A pesar de que Maduro se ganase el puesto en unas elecciones presidenciales en 2013, apenas dos años después llegaría la primera derrota electoral del chavismo. La muerte de Chávez vino con un cambio de ciclo que revirtió la coyuntura anterior. No es casualidad que el chavismo perdiera las elecciones legislativas de 2015 en el momento de mayor caída del precio del barril desde 2004: apenas 27 dólares. El mapa político del subcontinente también cambió de color y el bolivarianismo ya no estaba tan bien acompañado por gobiernos amigos. La situación llegó al colapso en las elecciones presidenciales de 2018, marcadas por el abandono del principal movimiento opositor, por su estrategia de “concurrir” en ellas promoviendo la abstención, que llegó al 54%, la más alta desde el puntofijismo, y por la reducida presencia de observadores internacionales.
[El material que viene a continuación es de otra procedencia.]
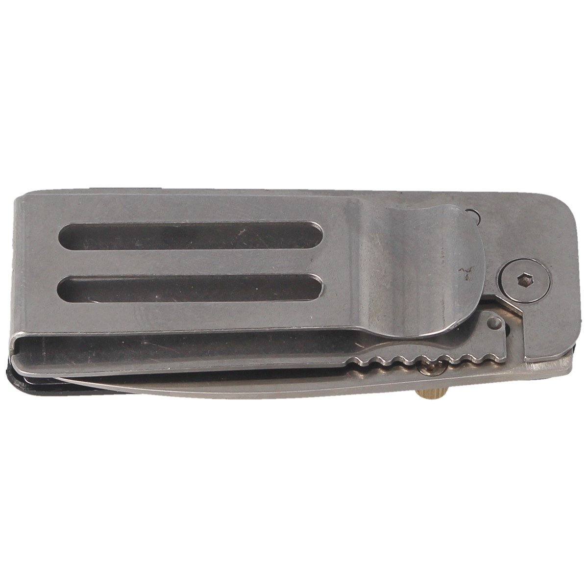Rękojeść - asymetryczna, wykonana z aluminium prawa okładzina z motywem pająka, lewa w całości ze stali nierdzewnej. Szeroki metalowy klips pozwala przenosić nóż w pozycji tip-down (czubkiem ku dołowi), może być używany jako klips do spinania banknotów.
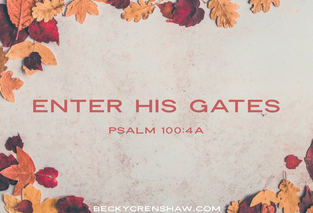 Enter His gates with thanksgiving; go into His courts with praise. Give thanks to Him and praise His name. Psalm 100:4

Desde luego, no fueron unas elecciones ejemplares, sobre todo en comparación con la propia trayectoria marcada por los registros electorales desde la llegada de Chávez al poder: 21 citas electorales en menos de 20 años sin tacha significativa, sin contar con las municipales: cinco elecciones presidenciales (1998, 2000, 2006, 2012 y 2013), cuatro legislativas (2000, 2005, 2010 y 2015), dos constituyentes (1999 y 2017), seis regionales (2000, 2004, 2008, 2012 y 2017), y seis referenda (dos en 1999, 2000, 2004, 2007 y 2009).
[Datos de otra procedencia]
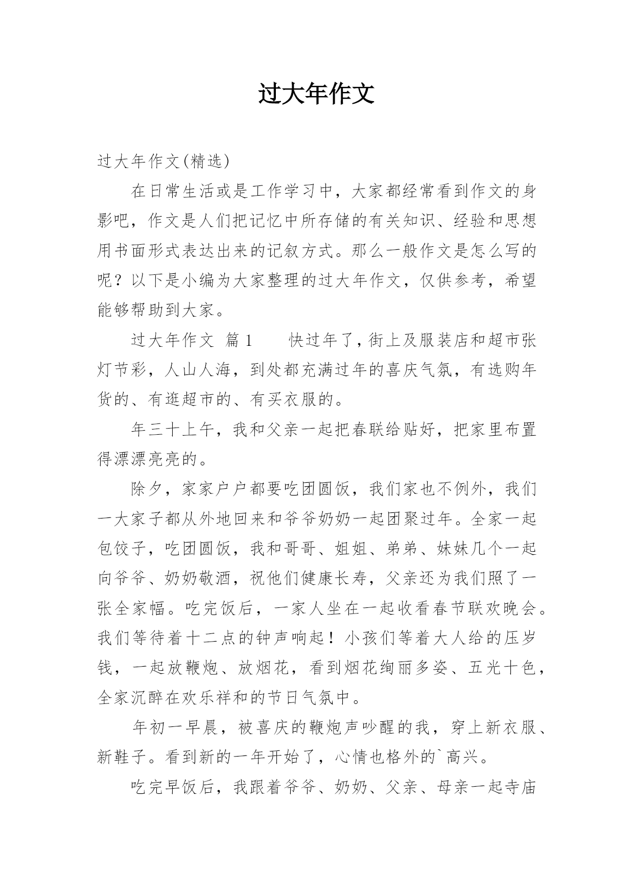 过大年作文过大年作文(精选)在日常生活或是工作学习中,大家都经常看到作文的身影吧,作文是人们把记忆中所存储的有关知识、经验和思想用书面形式表达出来的记叙方式。那么一般作文是怎么写的呢?以下是小编为大家整理的过大年作文,仅供参考,希望能够帮助到大家。过大年作文篇1快过年了,街上及服装店和超市张灯节彩,人山人海,到处都充满过年的喜庆气氛,有选购年货的、有逛超市的、有买衣服的。年三十上午,我和父亲一起把春联给贴好,把家里布置得漂漂亮亮的。除夕,家家户户都要吃团圆饭,我们家也不例外,我们一大家子都从外地回来和爷爷

El cuestionamiento sobre la calidad democrática de Venezuela ha sido constante y creciente durante esos 20 años, a pesar de que elección tras elección, referéndum tras referéndum, los diferentes observadores internacionales dieran su visto bueno a todos los procesos electorales celebrados en Venezuela. El señalamiento acrítico y normalizado como régimen dictatorial y los innegables errores políticos, económicos y comunicativos del gobierno llevaron al bloqueo institucional en el que se encuentra sumido actualmente el país. Reducir el análisis de este complejo escenario a un solo culpable es injusto y sospechoso. También es ignorar la idiosincrasia de un país en el que dos culturas pugnan por dominar el marco social, político y económico: una cultura burguesa que mira al norte como único referente de prosperidad, y otra popular que mira al sur como rasgo diferencial de identidad.
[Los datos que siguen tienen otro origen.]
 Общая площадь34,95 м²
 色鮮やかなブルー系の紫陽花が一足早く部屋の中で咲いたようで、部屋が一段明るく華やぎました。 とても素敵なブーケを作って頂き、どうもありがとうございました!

Hoy, como en el golpe fallido de 2002, se plantea el mismo pulso entre dos formas de ver la vida social y política, incluso con los mismos ingredientes y procedimientos, aunque con dos diferencias significativas: el silencio informativo de entonces se ha convertido en ruido mediático, y la impunidad del más fuerte ni siquiera le hace disimular su agresión. Es evidente que la autoproclamación de Juan Guaidó como presidente interino es solo la parte visible de una iniciativa que se ha estado cociendo en la sombra y al amparo instigador de la Casa Blanca, una vez más. Se trata de una estrategia muy bien medida, que no tiene tantas motivaciones humanitarias como de poder, y que ofrece una falsa imagen de armonía y solidez entre sus actores. A este tipo de acciones solo se les puede llamar golpe de estado aunque, de momento, no haya tenido una dimensión militar. Lo que sí está demostrando es una enorme dimensión internacional que pone en evidencia la existencia del poder monopolar que tiene EE.UU., capaz de arrastrar consigo la voluntad de muchos gobernantes para derrocar a un gobierno díscolo y contrario a los intereses del imperio. Como la celtíbera Numancia, que resistió 20 años de asedio infructuoso por parte de las guarniciones romanas y que encontró su sitio final a manos del duro estratega militar Escipión, la Venezuela chavista se enfrenta hoy al posible despliegue de las peores artes militares y de espionaje que aterrorizaron la Centroamérica de los 80 con la gestión del ahora recuperado Eliott Abrams.

Lo que le hace falta a Venezuela no son más desgarros ni escaladas violentas, sino miradas despolarizadas y críticas basadas en una contextualización histórica. Iniciativas de mediación como la propuesta por el ex presidente uruguayo Pepe Mujica podrían servir para tender puentes entre dos culturas que necesitan entenderse. De no ser así, existe un riesgo altísimo de exportar a Venezuela la tragedia de Siria.